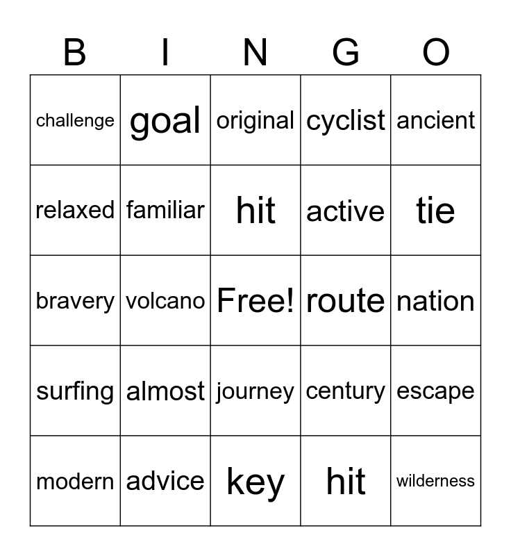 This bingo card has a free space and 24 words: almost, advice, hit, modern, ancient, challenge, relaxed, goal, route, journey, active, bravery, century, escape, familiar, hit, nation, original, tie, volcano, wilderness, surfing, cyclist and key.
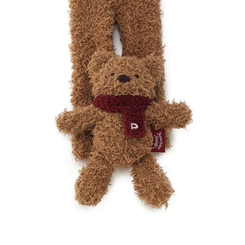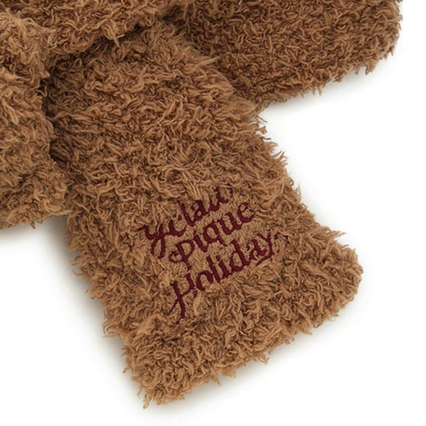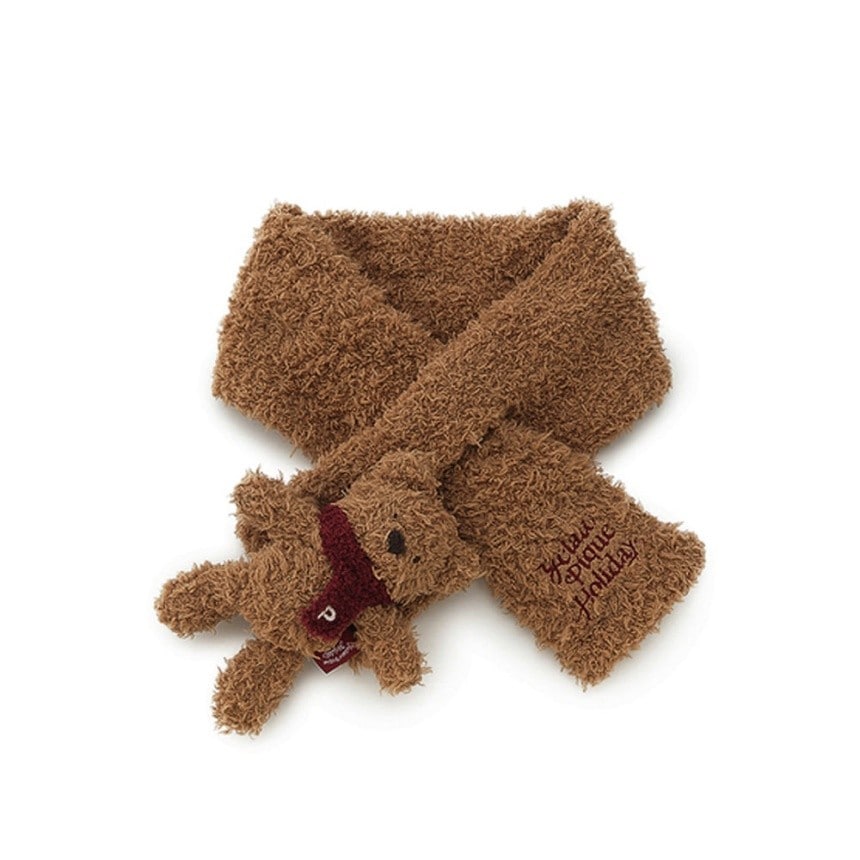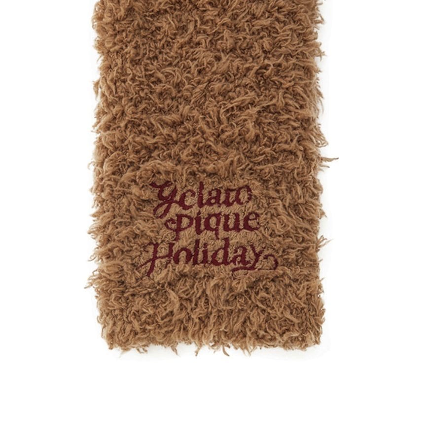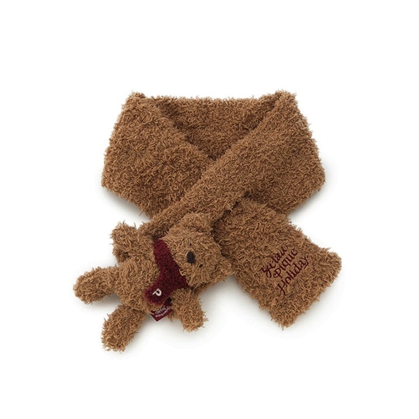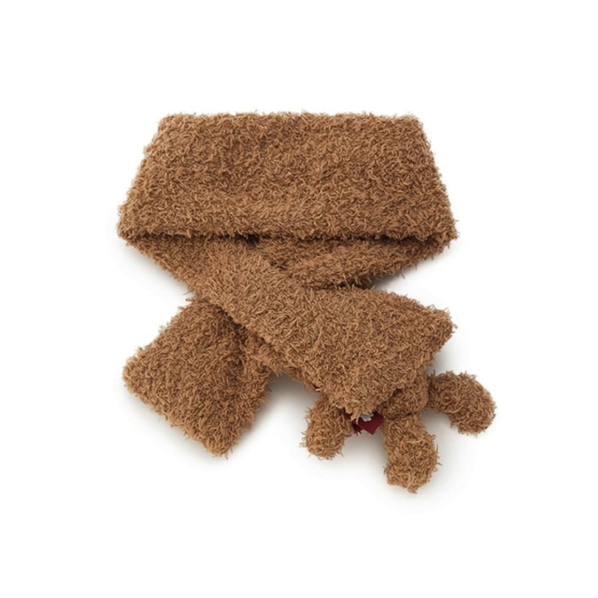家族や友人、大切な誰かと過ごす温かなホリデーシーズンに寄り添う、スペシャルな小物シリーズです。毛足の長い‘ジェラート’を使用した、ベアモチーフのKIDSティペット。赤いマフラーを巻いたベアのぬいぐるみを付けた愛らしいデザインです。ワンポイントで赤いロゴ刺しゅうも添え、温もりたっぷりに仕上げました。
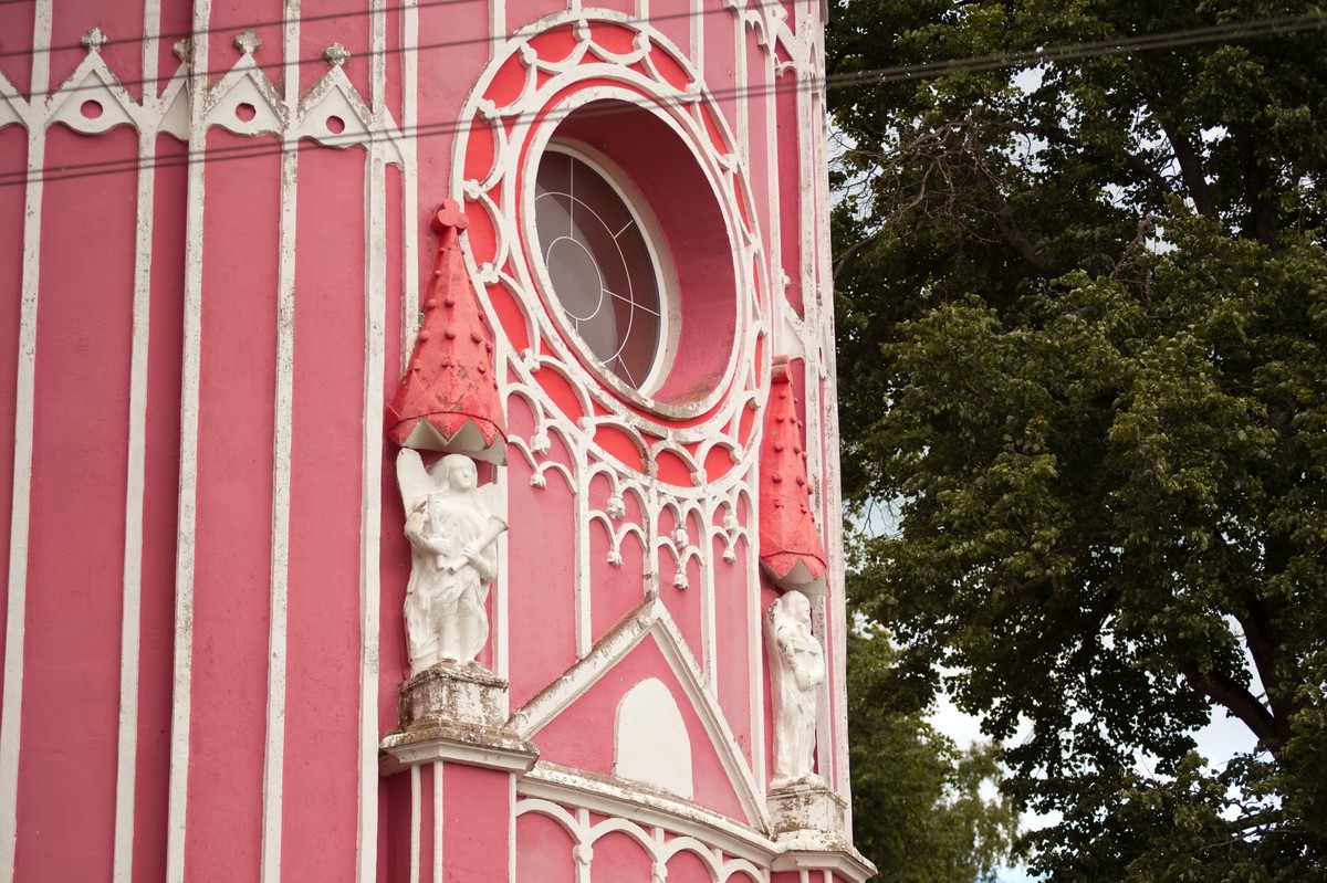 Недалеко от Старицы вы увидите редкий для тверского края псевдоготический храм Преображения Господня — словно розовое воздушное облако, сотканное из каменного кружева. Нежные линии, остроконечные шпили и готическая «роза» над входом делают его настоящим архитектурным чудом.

****************

**TASK OBJECTIVE**. The expected output is the whole listing, word for word, minus its pictures.

**TASK OUTPUT**.
 This bingo card has a free space and 24 words: almost, advice, hit, modern, ancient, challenge, relaxed, goal, route, journey, active, bravery, century, escape, familiar, hit, nation, original, tie, volcano, wilderness, surfing, cyclist and key.
家族や友人、大切な誰かと過ごす温かなホリデーシーズンに寄り添う、スペシャルな小物シリーズです。毛足の長い‘ジェラート’を使用した、ベアモチーフのKIDSティペット。赤いマフラーを巻いたベアのぬいぐるみを付けた愛らしいデザインです。ワンポイントで赤いロゴ刺しゅうも添え、温もりたっぷりに仕上げました。
 Недалеко от Старицы вы увидите редкий для тверского края псевдоготический храм Преображения Господня — словно розовое воздушное облако, сотканное из каменного кружева. Нежные линии, остроконечные шпили и готическая «роза» над входом делают его настоящим архитектурным чудом.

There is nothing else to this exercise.